You will analyze a data set of your choosing, using a method (or combination of methods) we have discussed in this class, such as:

Two-Factor ANOVA, Multi-Factor ANOVA, Random Effects ANOVA, Mixed Effects ANOVA, Analysis of Block Design, Repeated Measures, Analysis of Covariance, ANOVA for Nested Designs, Piecewise Regression, Nonlinear Regression, Generalized Linear Models, Nonparametric Regression, or Regression Trees/Random Forests.

The data set could be one that is of personal or academic interest to you and that fits one of the analyses studied in STAT 705. It should be a real data set which you have not analyzed before and which has not been analyzed in a textbook (using the methods of STAT 705, anyway).

Project Part I– Data Set Proposal/Description:

You should write a one- to two-page typed description of the data set you propose to study. You should include details about the response variable, about factors and/or predictor variables, and about the number of observations. If there are issues such as unbalanced data, comment on these. Discuss the source of the data set, and whether the data come from an experimental or observational study.

In addition, please include a printout of the data set (or if it is quite large, a selected part of the data set).

You should also include a general proposal for what sort of analysis you plan to do with this data set. If there are any hypotheses/research questions that are of interest from the beginning, you might mention those.

This part is due on or before Wednesday, March 29, 2017.

Project Part II – Written Report:

You should write a concise report summarizing your analysis. The report should be no longer than six (typed) pages, not counting any SAS/R output, graphs, etc., which you may wish to include as support or illustration for your analysis.

The style of the report is up to you, but the best reports will address many of the questions and details studied in class when we discussed the relevant type of analysis.
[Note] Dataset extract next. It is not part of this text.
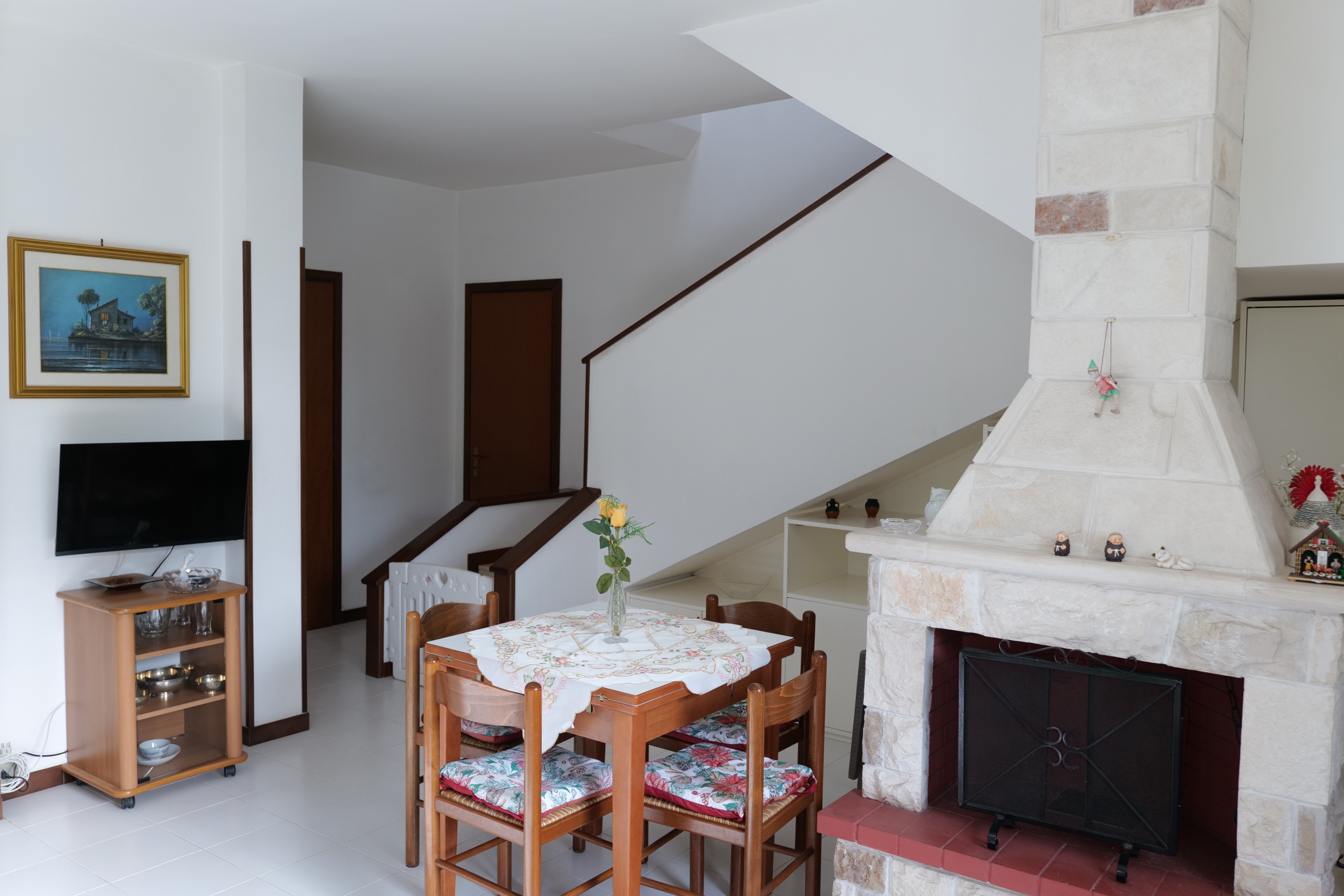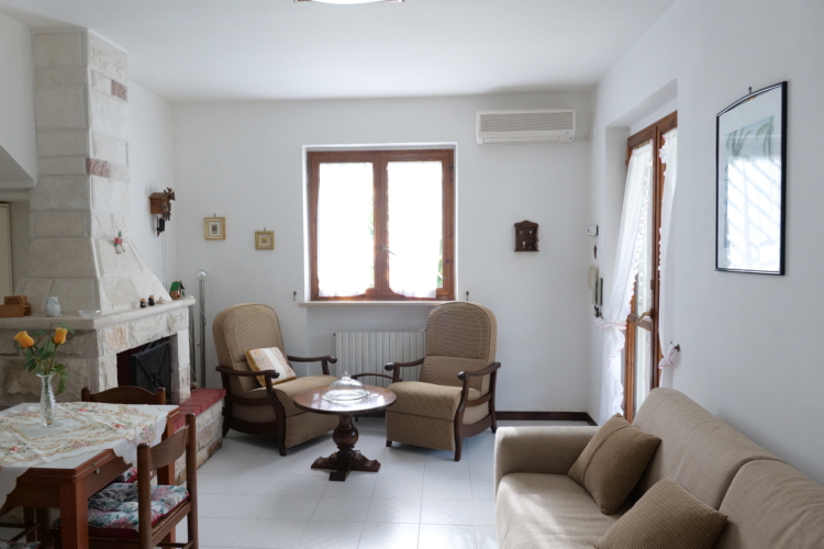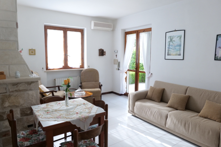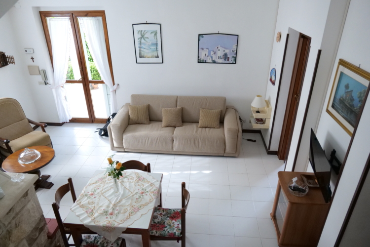 1. Zona giorno al piano terra: cucina abitabile e soggiorno con divano e TV.
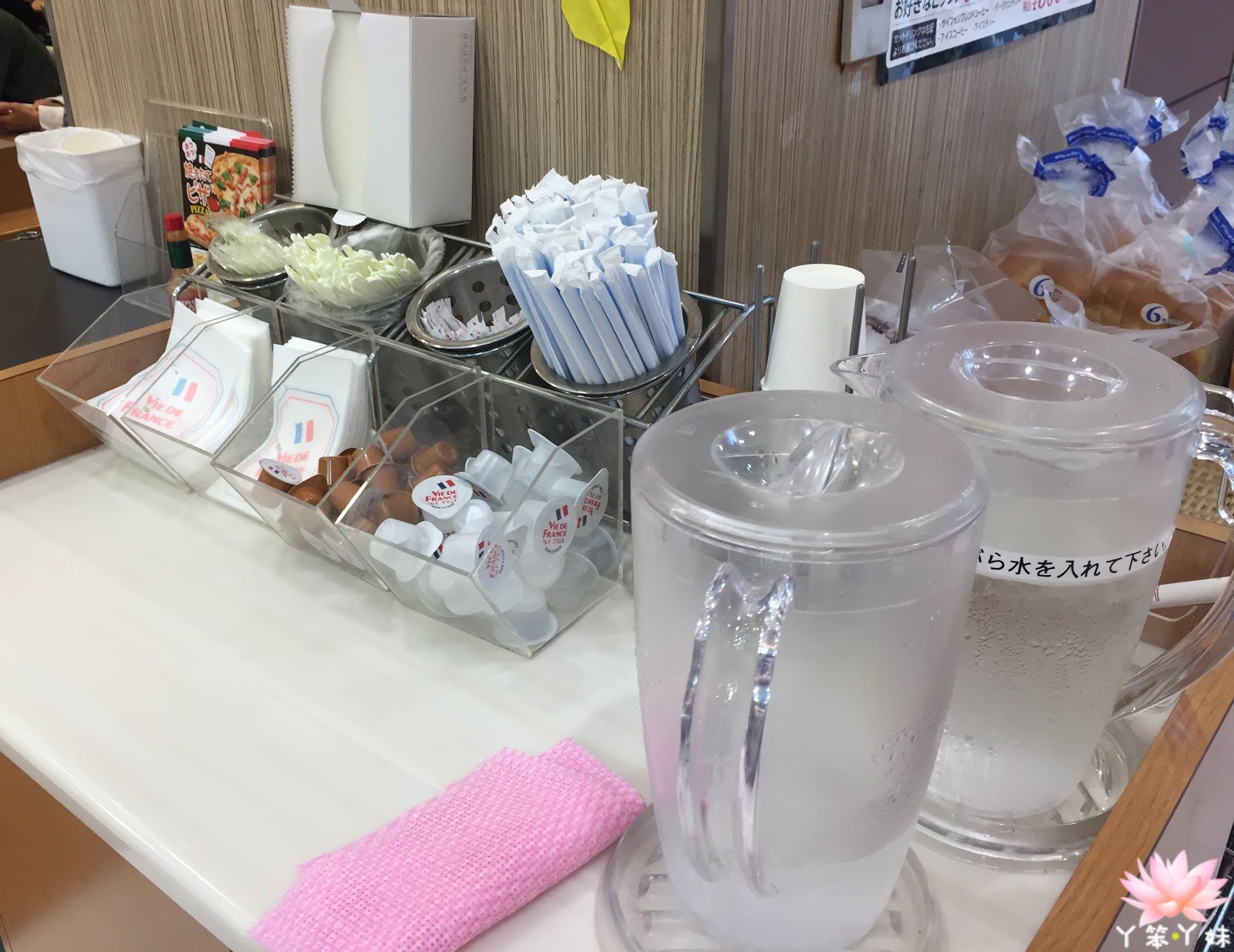 豐富的自助區,水/奶精/ 濕紙巾/ 餐具和調味料

Some things to include (depending on the data set and choice of model) might be:

  • An introduction and discussion of the data set itself
  • A statement of the fitted model, with any relevant interpretations
  • Summary results for any relevant hypothesis tests or confidence intervals
  • Discussion of variable selection or study design (if appropriate)
  • A summary of model assumptions and any violations you may have seen
  • Any remedial action you took to fix such violations
  • Your overall conclusions about the data, based on your analysis

Part II of the project (the final project report) will be due on or before Tuesday, April 25, 2017. It will count for 8% of your final grade (1% for Part I, 7% for Part II).